Problem to work on
Below are some records. Retype exactly the lines from the one containing "INDUSTRY CONFERENCE/通称 GRIC)と、イベントパートナーとして連携いたします。" through the one containing "73131546 alte Postkarte", both included, skipping every picture.

Records for this task
= Beginning of Section =

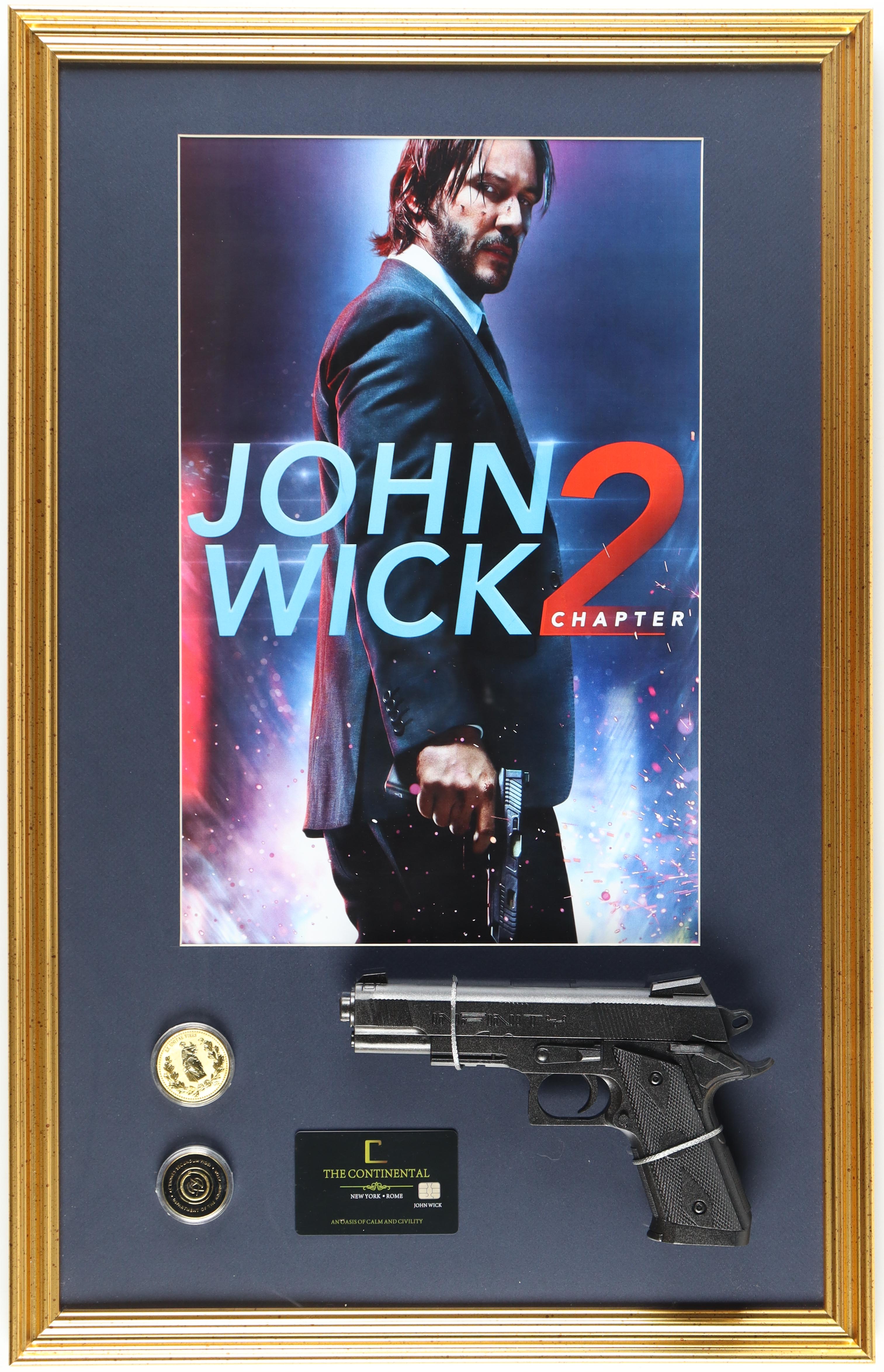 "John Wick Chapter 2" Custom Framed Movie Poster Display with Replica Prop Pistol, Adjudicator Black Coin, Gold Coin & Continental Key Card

= End of Section =
= Beginning of Section =

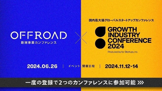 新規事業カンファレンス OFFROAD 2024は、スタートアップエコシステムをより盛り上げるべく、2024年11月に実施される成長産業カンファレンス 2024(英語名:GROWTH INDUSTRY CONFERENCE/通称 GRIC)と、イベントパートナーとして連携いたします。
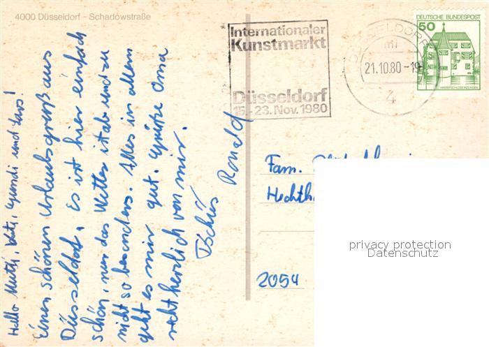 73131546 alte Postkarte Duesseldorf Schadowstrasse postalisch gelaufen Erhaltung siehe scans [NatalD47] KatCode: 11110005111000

= End of Section =

Output for this task
 新規事業カンファレンス OFFROAD 2024は、スタートアップエコシステムをより盛り上げるべく、2024年11月に実施される成長産業カンファレンス 2024(英語名:GROWTH INDUSTRY CONFERENCE/通称 GRIC)と、イベントパートナーとして連携いたします。
 73131546 alte Postkarte Duesseldorf Schadowstrasse postalisch gelaufen Erhaltung siehe scans [NatalD47] KatCode: 11110005111000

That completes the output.